Скажу сразу: спор патриотов с инородцами мне неинтересен, поскольку силы и качества спорщиков давно уравнялись. Замечу другое: ни те ни другие по-прежнему не касаются сути происходящего. Дело в том, что романа Шолохова они, похоже, не читали. В первую очередь это касается патриотов. Если бы они прочли «Тихий Дон» — и, что еще трудней, правильно поняли его,— им бы в голову не пришло отстаивать шолоховское авторство. Они, напротив, сделали бы все возможное, чтобы доказать принадлежность этой книги перу какого-нибудь инородца вроде Штокмана. Потому что более страшного приговора феномену казачества, чем эта книга, не существует в принципе.
«Тихий Дон», да простит мне тот или иной его автор,— безусловно величайший роман XX века, но ничего более русофобского в советское время не публиковалось. И как это могло семьдесят лет оставаться незамеченным — ума не привожу. Сегодня это не самое актуальное чтение, и никакие юбилейные торжества не вернут романа в живой контекст. Современный читатель расслабился, ему двести страниц Гришковца осилить трудно, а тут — две тысячи страниц плотного, тяжелого текста, достаточно кровавого и временами нарочито казенного. Я все-таки взял на себя труд перечесть народную эпопею — и остался вознагражден: книга явно не рассчитана на молокососов, читать ее в одиннадцатом классе (как рекомендовано сегодня) категорически нельзя, но серьезному и взрослому читателю она скажет многое. Потому что «Тихий Дон» — приговор целому сословию, настоящая народная трагедия с глубоким смыслом, который открывался единицам. Именно так понял эту книгу, скажем, пражский критик К.Чхеидзе, эмигрант, писавший в «Казачьем сполохе» о зверстве, темноте, чудовищной беспринципности и неразборчивости того самого народа, о котором говорится в народной эпопее.

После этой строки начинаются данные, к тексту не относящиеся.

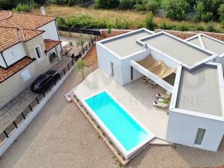 The island of Krk, Krk, wider area, sale of a new, modern single-storey house with an area of 135 m2 and a view of the sea, on a plot of 700 m2! The property consists of a living room with a kitchen and dining room, a hallway, three bedrooms with their own bathrooms, a toilet, a storage room, two covered terraces of 31.56 m2 and 21.88 m2 and a sunbathing area with a 30 m2 pool. Top quality construction and equipment, air conditioning, modern design, underfloor heating, indoor fireplace, yard decorated with Mediterranean plants, two parking spaces in the yard. The property is owned by a natural person. The seller guarantees proper documents and quick transfer of ownership. Visit us and find the square footage of your home!

Есть серьезные основания предполагать, что «Тихий Дон» написан одним человеком, а не писательской бригадой. Основания эти таковы же, как и в случае Шекспира,— вот, мол, несколько человек трудились над корпусом его драм. Да ничего не несколько, один и тот же маялся — это легко прослеживается по динамике авторского мироощущения. Начинал все это писать человек легкий, жизнерадостный, хоть и не без приступов меланхолии, потом где-то на «Троиле и Крессиде» сломался,— а дальше пошли самые мрачные и безнадежные его сочинения, исполненные горчайшего разочарования в человечестве; и видно, что разочарование это тем горше, чем жизнерадостнее были обольщения. В «Тихом Доне», в общем, та же эволюция: от почти идиллических сцен первого и второго томов, от картин большой и прочной мелеховской семьи, от умиления казачьими обычаями и прибаутками — к страшной правде, открывающейся в последнем томе, где распад пронизывает все, где самый пейзаж превращается в отчужденную, враждебную человеку силу.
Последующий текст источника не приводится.